A primeira reação dos venezuelanos é de espanto. Não demora, a prosa ganha sabor de folhetim. Gosto de lhes contar que, faz tempo, em parceria com meus primos Ermelinda e João (em memória), procuro o paradeiro de nossa tia Ângela Gomes Henriques. Nutro o desejo secreto de localizá-la rica e saudável na badalada Isla Margarita. Mas não conseguimos achar seu rastro nem com os préstimos do Family Search. “No estaría muerta?”, dizem. Não quero acreditar. E se me dão corda, entrego a eles um enredo de Gloria Perez.
Capítulo 1: em 1955, Ângela migrou da Ilha da Madeira, em Portugal, para o Brasil. Dois anos depois, quando tinha míseros 15 anos, foi dada em casamento a um português que vivia em Caracas, Manoel Gonçalves. De passagem por Curitiba, decidiu voltar para a Venezuela com aliança no dedo. Os motivos da fissura do portuga são uma deliciosa especulação.
Capítulo 2: Ângela tinha uma sobrinha, Judite, também adolescente e vinda da Madeira havia pouco. Eram melhores amigas. Andavam de mãos dadas pela Vila Cubas e pela Vila Leão, no Novo Mundo, onde viviam, fingindo que falavam inglês. Riam juntas. São doces as lembranças dessas refugiadas do salazarismo. Mas quis o destino, esse desocupado, que outro forasteiro português, José, se aproximasse da menina Judite. Botou-lhe aliança de noivado e prometeu casa própria.

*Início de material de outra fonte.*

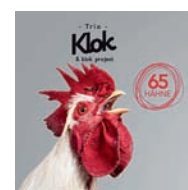
Trio Klok 65 Hähne (Unit 2013).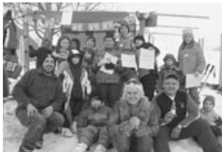
Gasilski posnetek z dobitniki pokalov v veleslalomu in skokih

Člani Športno-rekreacijskega društva Urban so se v soboto, 11. februarja, v prostorih Bara Grozl sestali na občnem zboru. Zadovoljni so z opravljenimi nalogami.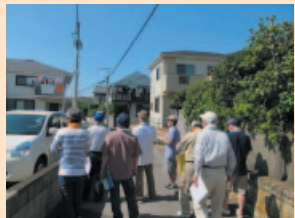
現地調査 (まち歩き)

中央区では、アドバイザーの派遣や防災マップの印刷を行い、防災マップを作成する町内自治会や自主防災組織を支援しています。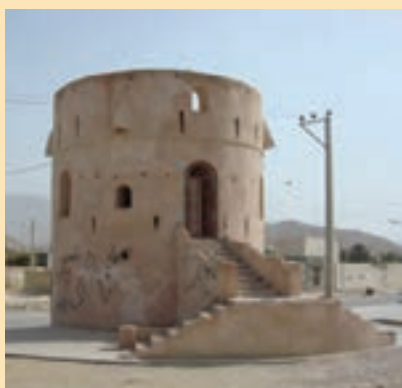
شکل ۱۲-۴- برج تاریخی در شهرستان خمیر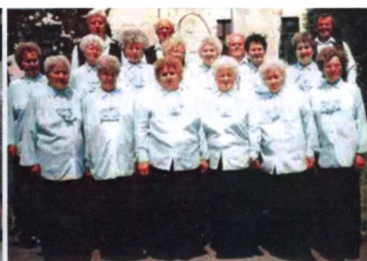
A Tungsram Nyugdíjas Klub kórusa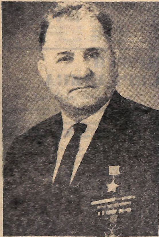
Григорій Васильович БАЛИЦЬКИЙ. Фото 1967 року.

...Живуть і працюють у Кіровограді колишній партизан Герой Радянського Союзу Григорій Балицький і колишня партизанська медсестра Марія Товстенко. Вони одружилися в загоні, разом пройшли війну білоруськими та українськими лісами, там, у лісі, похоронили й сина-немовля... Григорію Васильовичу вже за шістьдесят, все частіше підводить здоров'я. Та коли запитують його про боротьбу з фашизмом, він забуває недуги. І слухає юнх про подвиги батьків, які здохли гитлеризм, відкрили новому поколінню шлях у завтра.

Enquanto Deus dormia, a papelada dos dois casamentos sem juízo correu sobre trilhos, exceto por um detalhe: só havia um vestido de noiva – o que Manuel comprou para Ângela, uma imitação modesta do traje usado pela atriz Grace Kelly para se unir com o príncipe Rainier, em 1956. Já Judite foi informada pelos pais, sem anestesia, que teria de subir ao altar com sua roupinha de ir à missa. Desatou a chorar de forma tão sentida que sua tristeza saiu da Vila Leão e chegou à Vila Cubas, direto nos ouvidos de Ângela, a quem coube os deveres do amor.

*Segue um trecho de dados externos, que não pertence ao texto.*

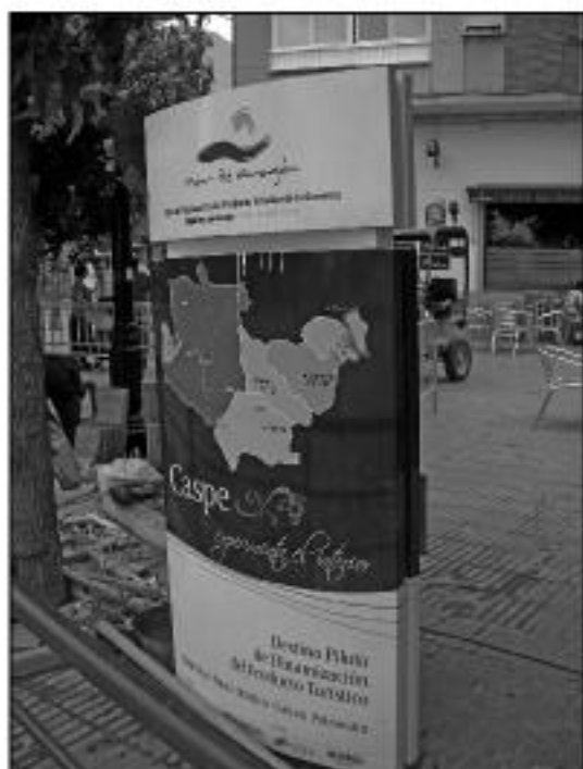
Panel de rutas turísticas. Plaza Aragón de Caspe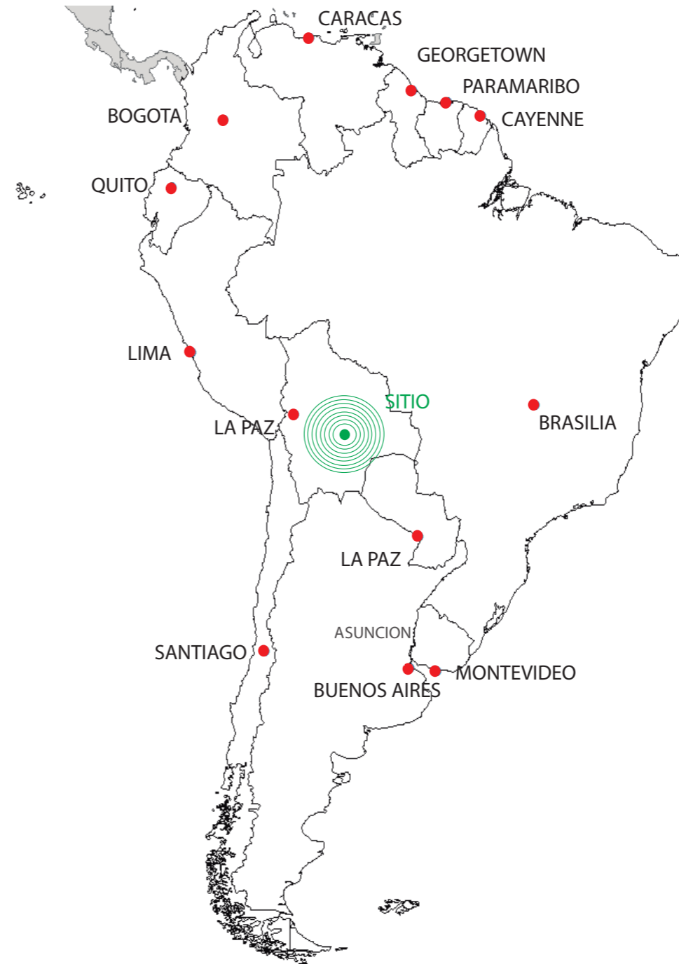
UBICACION DEL SITIO CON RESPECTO A SUDAMERICA. Elaboracion propia.

El terreno se encuentra en las afueras de la ciudad de Santa Cruz de la Sierra, Bolivia, en la localidad de Bermejo, a 100 kilómetros centro urbano más cercano y a una altura de 1200 metros sobre el nivel del mar. Geográficamente, el símbolo para la comunidad sudamericana, se ubica casi en el corazón de Sudamérica, a modo de estar medianamente equidistante a los países miembros de la Confederación.

Capítulo 3: em 5 de outubro de 1957, Ângela e Manuel se casaram na Catedral, pela manhã. À tarde, Judite se casou com José, na Igreja do Bom Jesus do Portão. As noivas usaram o mesmo vestido. Na casa de minha mãe, os únicos registros das cerimônias, feitas no Foto Brasil da XV, foram colocados num quadro só. Há um ne se quais na imagem das meninas em trajes idênticos, no mesmo dia, acolitadas pelos desconhecidos de bigodes com os quais se uni- ram em Matrimônio.
Capítulo 4: em seguida às bodas, Ângela se mudou para a Venezuela. Teve filhos. Descasou. Sentiu a fúria do exílio moral. As cartas para o Brasil foram rareando – e lá se vão cinco décadas de silêncio. Volta e meia, minha mãe, Judite, 82 anos, diz que a maior alegria de seus dias seria rever a melhor amiga. Pega-se imaginando se estaria ainda bonita – e se pergunta por que nunca mais mandou notícias.

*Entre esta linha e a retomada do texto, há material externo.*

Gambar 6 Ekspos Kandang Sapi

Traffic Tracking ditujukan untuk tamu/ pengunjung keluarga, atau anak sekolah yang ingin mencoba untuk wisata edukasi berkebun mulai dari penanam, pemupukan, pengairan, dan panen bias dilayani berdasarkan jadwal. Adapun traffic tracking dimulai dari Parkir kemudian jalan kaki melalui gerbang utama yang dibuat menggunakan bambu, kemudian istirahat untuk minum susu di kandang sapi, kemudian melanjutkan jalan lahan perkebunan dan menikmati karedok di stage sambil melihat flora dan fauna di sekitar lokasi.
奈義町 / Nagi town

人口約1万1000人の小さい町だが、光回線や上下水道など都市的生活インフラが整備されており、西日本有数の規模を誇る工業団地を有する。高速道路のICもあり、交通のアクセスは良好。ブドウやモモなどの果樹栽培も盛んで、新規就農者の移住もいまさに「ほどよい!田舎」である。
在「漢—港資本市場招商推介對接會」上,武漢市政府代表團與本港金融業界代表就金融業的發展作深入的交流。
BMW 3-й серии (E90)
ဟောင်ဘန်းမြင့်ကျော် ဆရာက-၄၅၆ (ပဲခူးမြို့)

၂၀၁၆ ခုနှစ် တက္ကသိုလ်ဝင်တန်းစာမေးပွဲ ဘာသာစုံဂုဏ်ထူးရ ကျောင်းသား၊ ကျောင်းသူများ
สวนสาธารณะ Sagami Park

A trama que envolve as duas imigrantes adolescentes lembra o fabuloso livro A vida invisível de Eurídice Gusmão, de Martha Batalha, adaptado para o cinema por Karim Aïnouz. Recomendo. E enquanto ela não encontra um “epílogo”, mantenho o relato nas minhas redes. Vai que um internauta faz a mensagem chegar à Ângela que sumiu do mapa, deixando um vestido parecido ao da princesa de Mônaco e um mar de saudades na alma de Judite, ainda uma menina à espera do final feliz.